7.17.11 failed backwards compatibility for 5.5.3

[sj-ganwh]

What kind an issue is this?

• [x] Bug report. If you’ve found a bug, please provide a code snippet or test to reproduce it below.
  The easier it is to track down the bug, the faster it is solved.
• [ ] Feature Request. Start by telling us what problem you’re trying to solve.
  Often a solution already exists! Don’t send pull requests to implement new features without first getting our support.

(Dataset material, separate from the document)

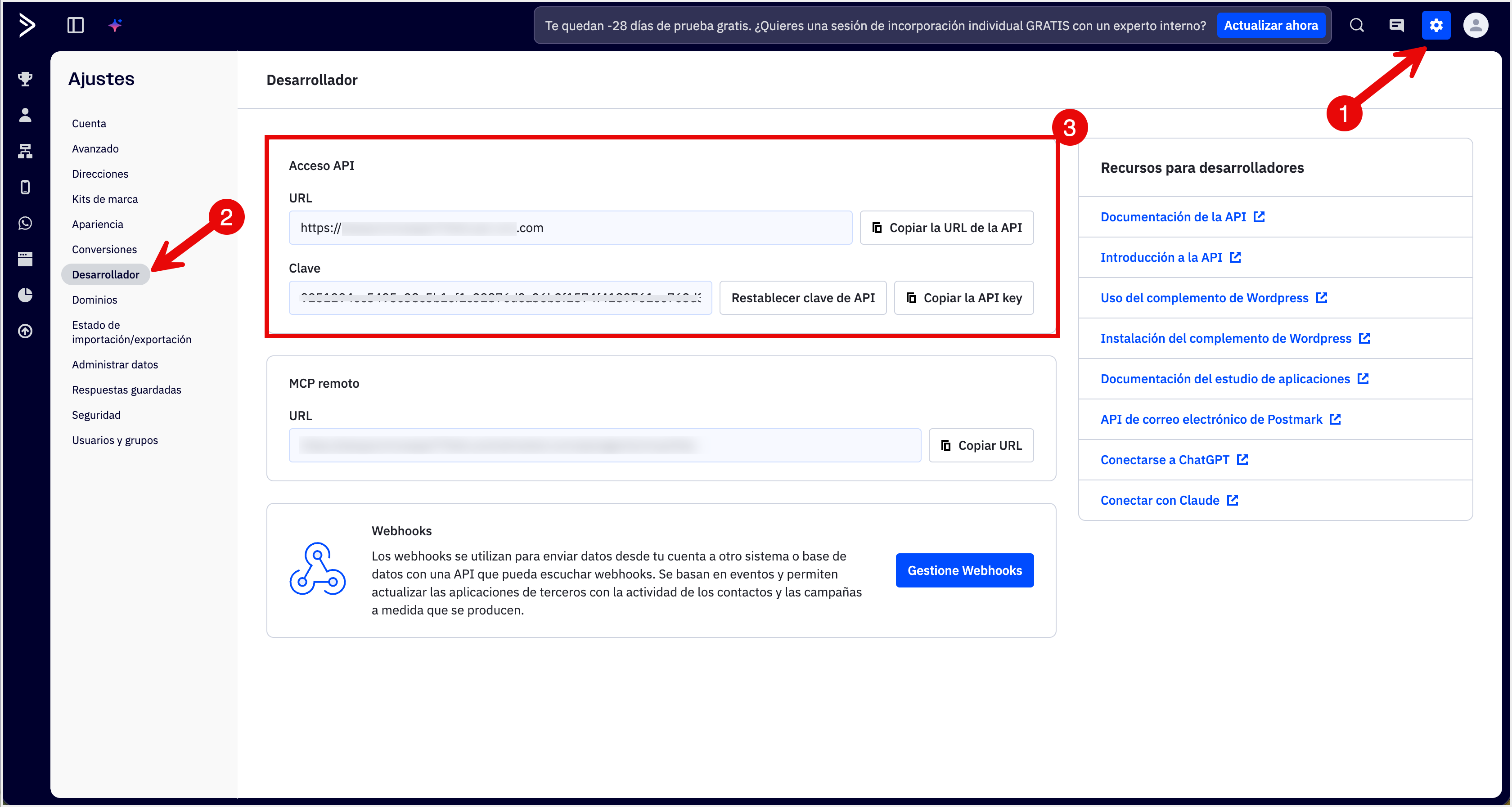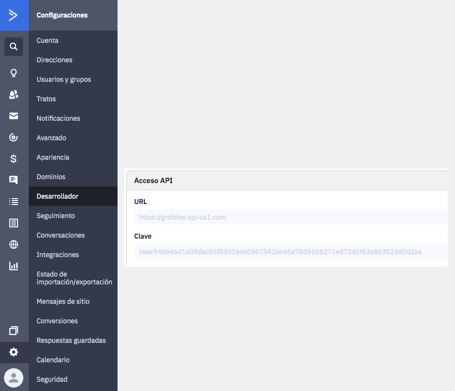 Para ello, deberás acceder a tu cuenta de ActiveCampaign, ir al apartado Ajustes > Desarrollador y crear una nueva API (o utilizar una existente). En esta pantalla podrás copiar la URL de acceso a la API y la Clave de acceso a la API, que se utilizarán más adelante.

Sometimes we leave features out on purpose to keep the project small.

Issue description

Due to CVE-2023-46674, we need to update version to Elasticsearch-hadoop >= 7.17.11 or >= 8.9.0. So we plan to update to 7.17.11. According to https://github.com/elastic/elasticsearch-hadoop quote ES-Hadoop 6.x and higher are compatible with Elasticsearch 1.X, 2.X, 5.X, and 6.X, so ES-Hadoop 7.x and higher are compatible with Elasticsearch 1.X, 2.X, 5.X, 6.X and 7.X. But when we replace elasticsearch-hadoop-5.5.3.jar to elasticsearch-hadoop-7.17.11.jar, it fails.

Steps to reproduce

Code:

-- add jar hdfs:///lib/jdbc/elasticsearch-hadoop-5.5.3.jar;
add jar hdfs:///lib/jdbc/elasticsearch-hadoop-7.17.11.jar;

create table default.tmp_es (
    id bigint,
    name string,
    update_time timestamp
)
stored by 'org.elasticsearch.hadoop.hive.EsStorageHandler'
tblproperties (
    "es.nodes"="172.26.1.1:9200",
    "es.net.http.header.Authorization"="Basic xxx",
    "es.nodes.wan.only"="true",
    "es.nodes.discovery"="false",
    "es.http.retries"="10",
    -- index/type
    "es.resource"="tmp_es/doc",
    "es.mapping.id"="id",
    -- dst:src
    "es.mapping.names"="update_time:updateTime"
);

select * from default.tmp_es;

Strack trace:

Failed with exception java.io.IOException:org.elasticsearch.hadoop.EsHadoopIllegalArgumentException: Cannot detect ES version - typically this happens if the network/Elasticsearch cluster is not accessible or when targeting a WAN/Cloud instance without the proper setting 'es.nodes.wan.only'

Version Info

OS: : CentOS 7 JVM : jdk8 Hadoop/Spark: hadoop 2.7 Hive: 2.1.1 ES-Hadoop : 7.17.11 ES : 5.5.3

[sj-ganwh]

Tested, elasticsearch-hadoop-7.1.1.jar is compatible with Elasticsearch 5.5.3.

[sj-ganwh]

CVE-2023-46674 further reading: https://discuss.elastic.co/t/elasticsearch-hadoop-7-17-11-8-9-0-security-update-esa-2023-28/348663

[sj-ganwh]

I changed major.before(EsMajorVersion.V_6_X to major.before(EsMajorVersion.V_5_X in https://github.com/sj-ganwh/elasticsearch-hadoop/commit/52d5505d627b714dd369164382d17eb564b30e63 and rebuild from it and it worked... These are the artifacts: https://github.com/sj-ganwh/elasticsearch-hadoop/actions/runs/8014107473 In my case, I just using Hive external table just to read from ES 5.5.3, this kind of 'force fix' has any side effects?

[jbaiera]

In 7.14 we added a validation check to the library to ensure that ES-Hadoop was contacting an Elasticsearch distribution and not something else during it's setup process. https://github.com/elastic/elasticsearch-hadoop/pull/1696 The header is only present in more recent versions of Elasticsearch. The connector technically could still work for older versions of Elasticsearch but without the header present it will reject connecting further beyond the initial handshake. The header should be present in Elasticsearch before upgrading ES-Hadoop to 7.14.